2.1. The Spatial and Temporal Extent of the Study

The study area is a part of Rhône-Alpes county, located in southeastern France, corresponding to the Landsat 196-28 and 197-28 (path-row) tiles. This area is interesting because it gathers a diversity of Land Use Land Cover (LULC) associated with topographic and hydrological heterogeneity. In addition, the Lyon metropolis, which is the second biggest in France with 1.3 million of inhabitants, lies in its centre (Figure 1). The air temperature, the dependent variable, is estimated from the 391 meteorological stations (Météo-France network) located in the study area (Figure 1).

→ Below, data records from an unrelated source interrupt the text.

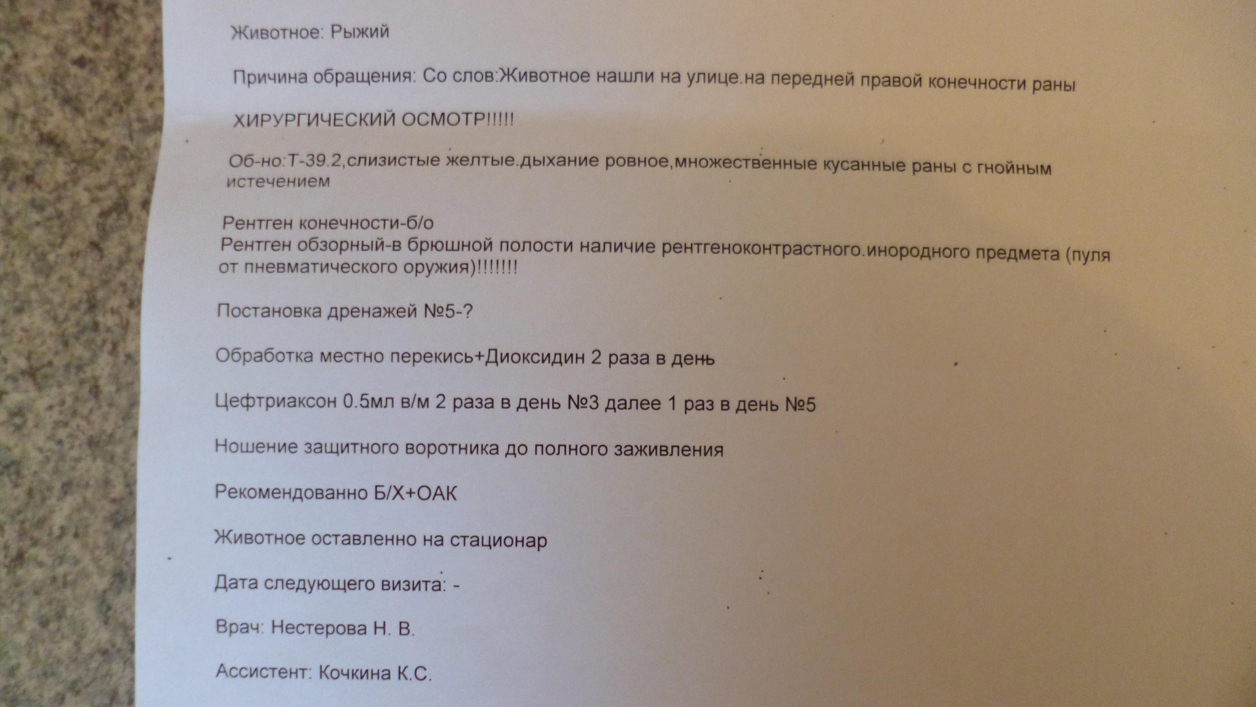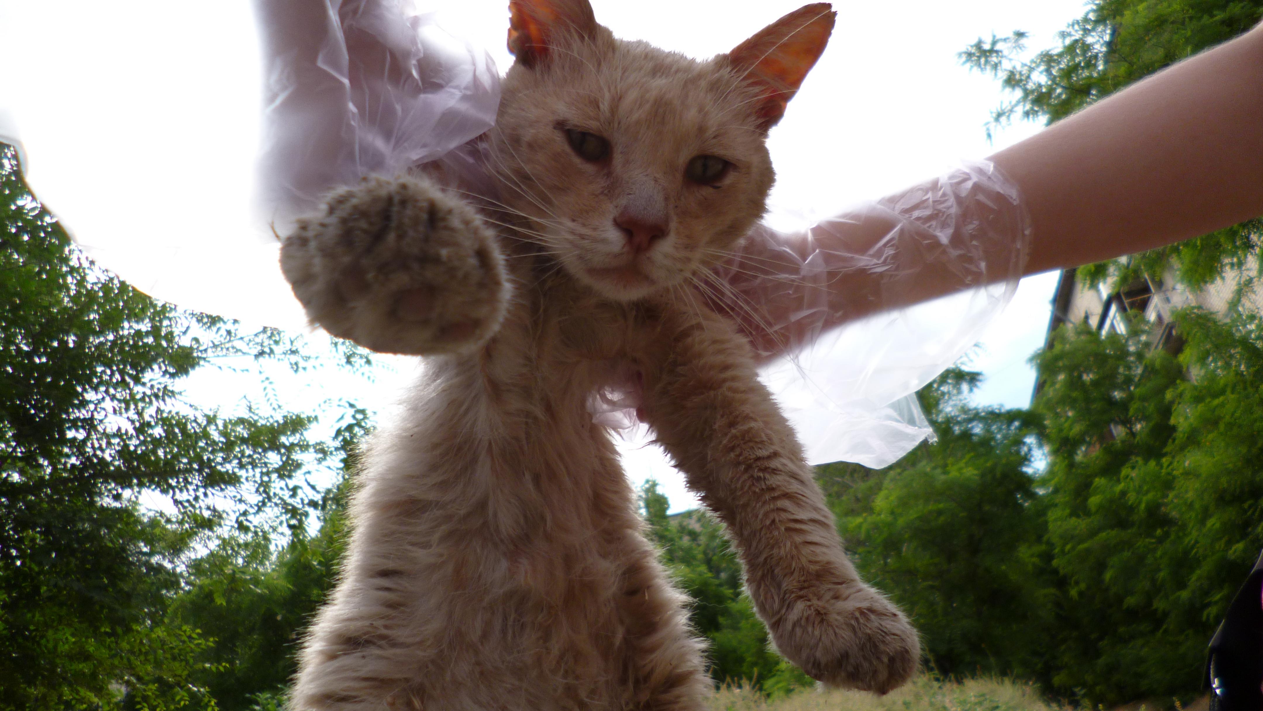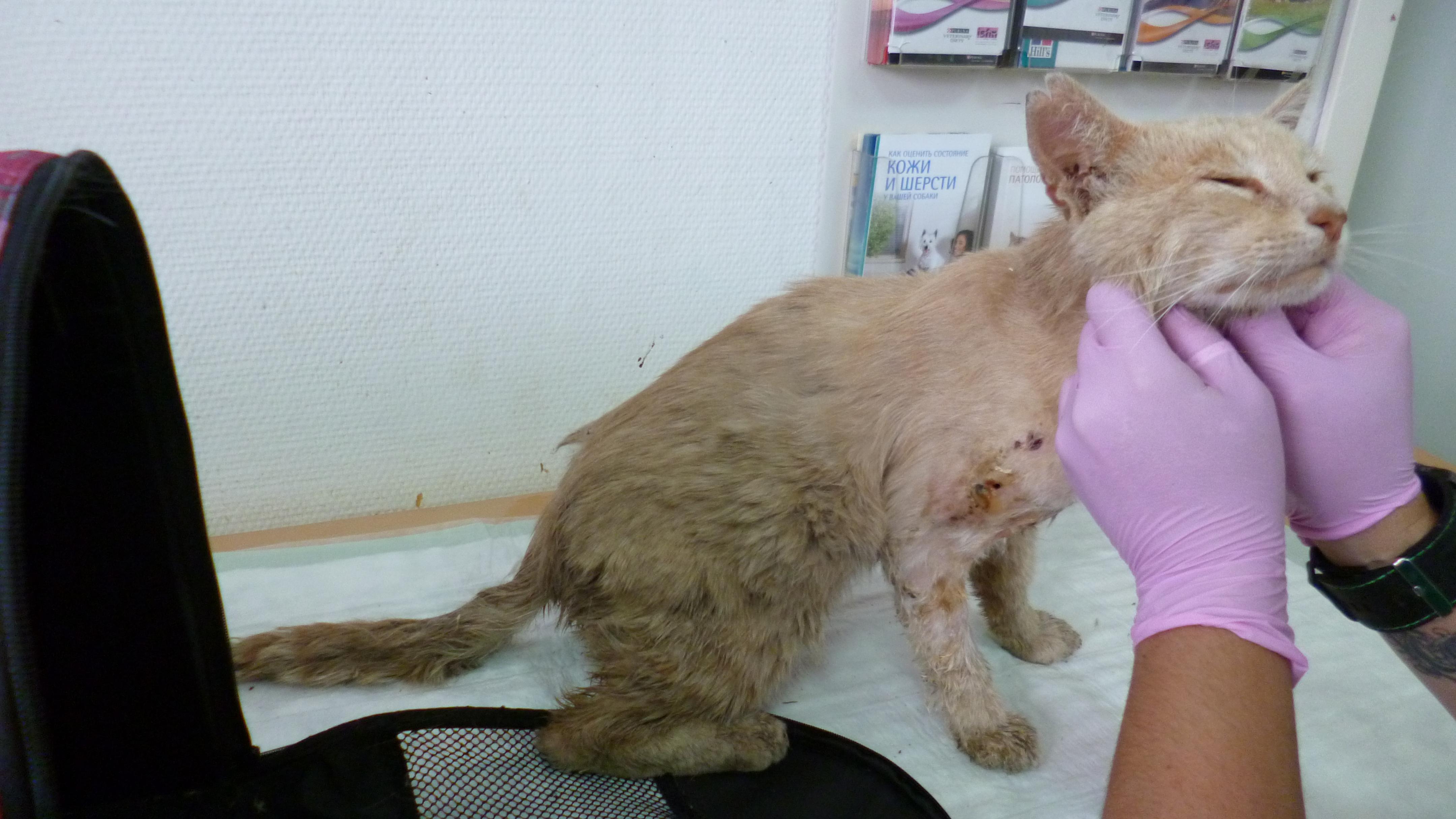 Искали мы кошку из соседней темы, и нашли кота. С девушкой Аней ( она предложила свою помощь в поиске кошки с опухолью) мы кругами обежали все дворы, но так ту кису и не обнаружили. А вышел к нам кот... Худой, почти весь лысый, в корочках, с раздутым животом, еле ходит. Посмотрели мы с Аней на него и приняли решение , что коту нельзя оставаться без мед. помощи. Раскрыли переноску и стали приглашать кота туда войти. Чуть-чуть подтолкнули его , а него из плеча вдруг засочился гной. Я видела покусанных собаками котов, но вот такого ужаса еще не встречала. Он словно весь в очагах гноя, как-будто тот разлит под кожей. Чуть надавишь, и все течет из разных отверстий. А кот спокойно себе мурлыкает. Вообще- очень спокойно себя вел, и пока я его трясла, тащила в переноске, и в маршрутке на кочках- не было ни одного непокорного мява. Отвезли кота на Ватутина. И- спасибо врачам, и особенно Наталье Нестеровой! Мне надо было возвращаться на работу, и она под свою ответственность приняла кота на осмотр и лечебные манипуляции. Через 3 часа я вернулась, а коту промыли раны, поставили дренажи, сделали уколы и вытащили пулю. По деньгам- я пока справлюсь сама, но лечение и оплата за стационар могут вогнать меня в большие долги, и тогда придется просить помощи. Но пока не прошу, а просто покажу фото кота. Богунская, 9, обратите внимание, что кто-то у вас во дворах играется с оружием.
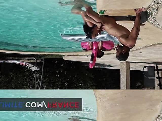 Mya the exhibitionist seduces Lorenzo around the pool
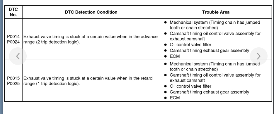 Second, are you doing your oil changes at there recommended interval change and are you using the correct oil 0W20. If you do then I would suspect bad oil control valves. P0014 Bank1 sensor "B" would be the oil control valve on driver side on the exhaust side. See first image.

Most of the selected weather stations are located either in artificialized zones, or in agricultural zones (Table 1). More precisely, the proportion of weather stations in the agricultural zone is 45.5% (which represents 178 stations) and 38.6% for weather stations located in artificialized zones (151 stations).

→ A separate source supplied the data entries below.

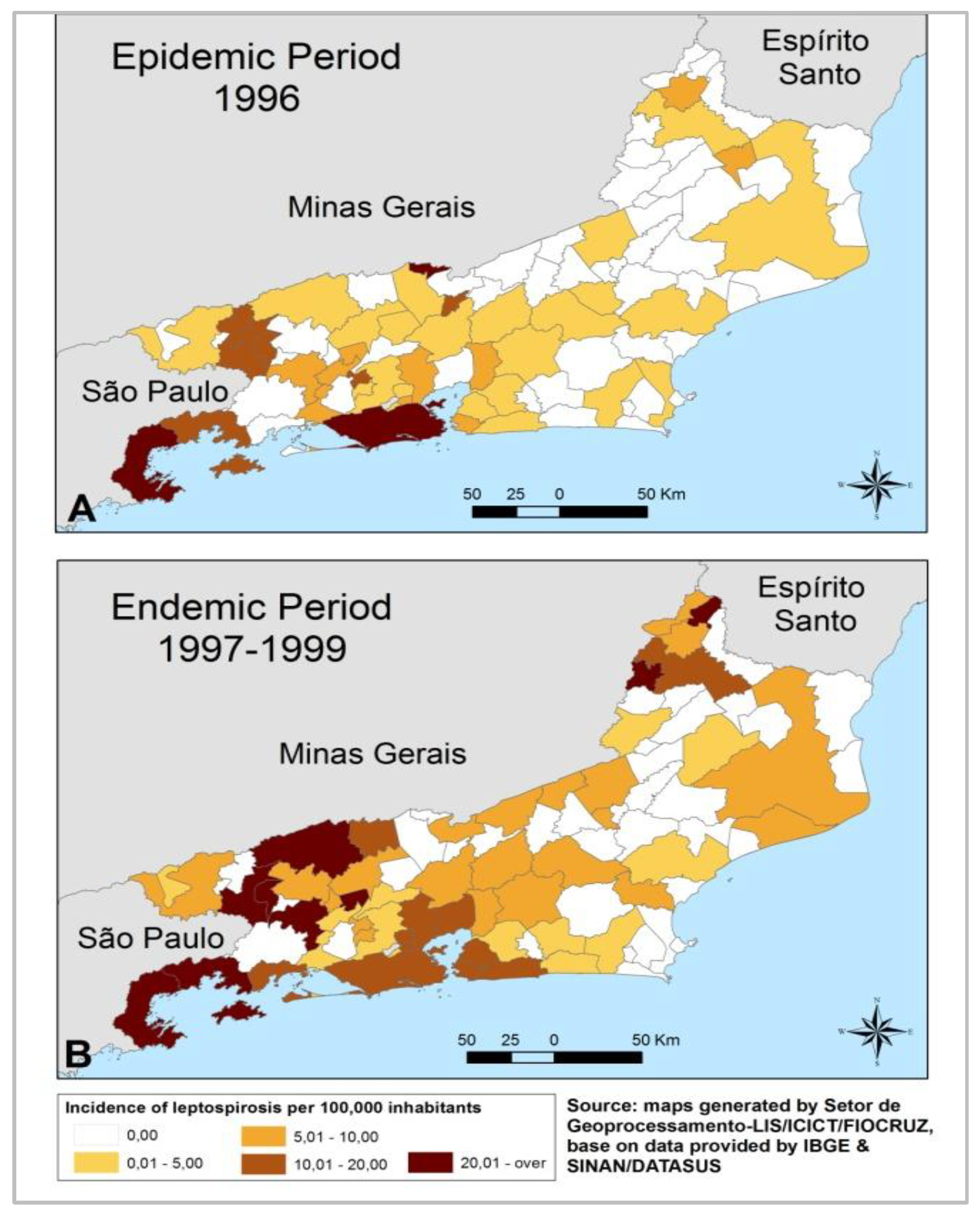 Leptospirosis incidence rates in the Rio de Janeiro state during epidemic and endemic periods are shown in Figure 1A,B respectively. We can observe the highest rates in the Rio de Janeiro and Parati municipalities during the epidemic period. While in the endemic period, the Parati rate remains high together with other municipalities of the northwestern region of the state in the Paraíba river valley (close to Minas Gerais state border). It should be noticed that total number of leptospirosis cases in Rio de Janeiro state in 1996 (epidemic period) was the highest in the last 20 years, even though the incidence rates were lower for most of the municipalities in the state. This paradox is explained by the extremely high number of cases in the municipality of Rio de Janeiro which concentrates a large portion of the state population.
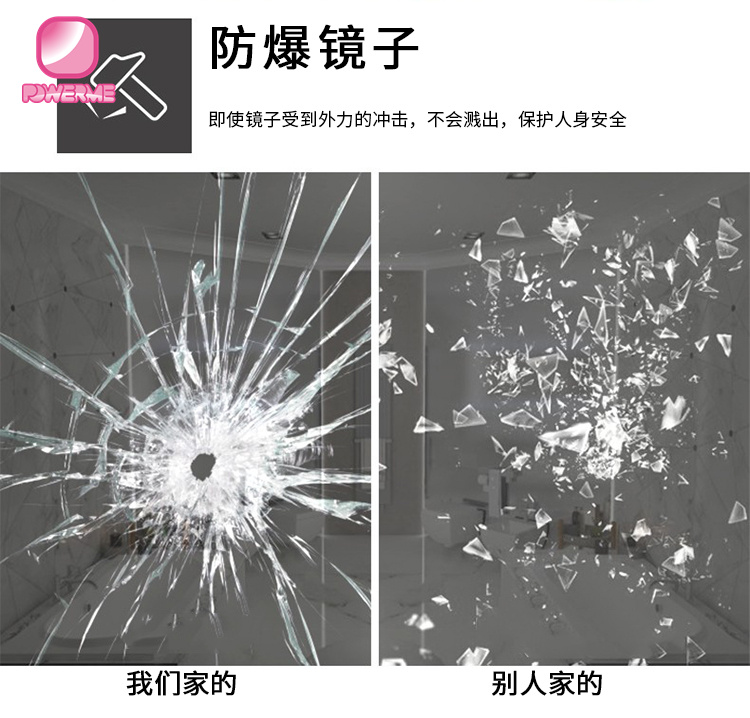 2.環保無銅鏡面,浮化玻璃,帶有拋光邊緣保護手指,4毫米厚度,適用于高濕度位置使用;
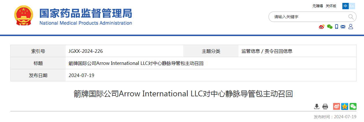 泰利福醫(yī)療器械商貿(mào)(上海)有限公司報(bào)告,由于注射器組件正在注冊(cè)的原因,生產(chǎn)商箭牌國際公司Arrow International LLC 對(duì)其生產(chǎn)的中心靜脈導(dǎo)管包Central Venous Catheter Kits and Sets(國械注進(jìn)20183772034)主動(dòng)召回。本次召回涉及的產(chǎn)品未進(jìn)口至中國,具體型號(hào)、規(guī)格及批次等詳細(xì)信息見《醫(yī)療器械召回事件報(bào)告表》。
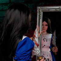 the character Alice from the Lewis Carroll books. They are standing in front of a mirror, looking at their
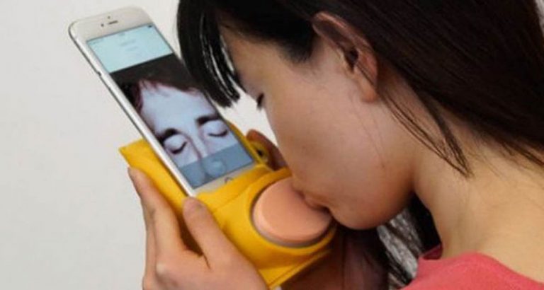 ¿De qué se trata? Es una herramienta con la que podrás besar a quien tu quieras por internet. Es una funda que tiene una almohadilla en la parte inferior. El momento en que tus labios tocan el aparato se envía una sensación a al otro aparato conectado al equipo de tu pareja, no importa donde esté.

In addition, the study days must have a cloud cover less than or equal to 10% to present quality remote sensing data. As a result, for this study, six measurement days have been retained during the year 2013, over a period of six months (April to September) and two different seasons (spring and summer): 25 April, 14 July, 21 July, 15 August the 22 August and 23 September (Table 2).

2.2. Twenty-Eight Explanatory Variables Selected from the Literature

Twenty-eight explanatory variables are used to estimate the air temperature over the study area. They have been selected from the literature [22,23,24,25,26,29,32,33,34,35,36,37,38,39,40,41,42,43,44,45]. The variables belong to various categories and can directly be obtained from the supplying organizations or produced by geomatics or remote sensing (Table 3). The remote sensing data is from the United States Geological Survey (USGS) EarthExplorer platform. The Landsat data were chosen because of their thermal band and 30 m resolution. More precisely, Landsat 8 carries two sensors: Operational Land Imager (OLI) and Thermal Infrared Sensor (TIRS). Visible, near infrared, short wavelength infrared, panchromatic, and cirrus bands have a spatial resolution of 30 m. The TIRS bands, used here to retrieve the surface temperature using the single channel algorithm, are at a 100 m resolution, but at 30 m resolution in the delivered data product after resampling with cubic convolution by the United States Geological Survey [46]. The topographic data is provided by the French Geographic Institute (IGN) and the LULC is obtained from the Corine Land Cover platform. The Corine Land Cover classification is detailed according to the biophysical occupation of the land. Thus, at the first level, used in this study, this classification is structured around 5 different levels, namely artificial territories, agricultural territories, forests and semi-natural environments, wetlands (such as marshes or peatlands) and water areas (such as rivers or water bodies).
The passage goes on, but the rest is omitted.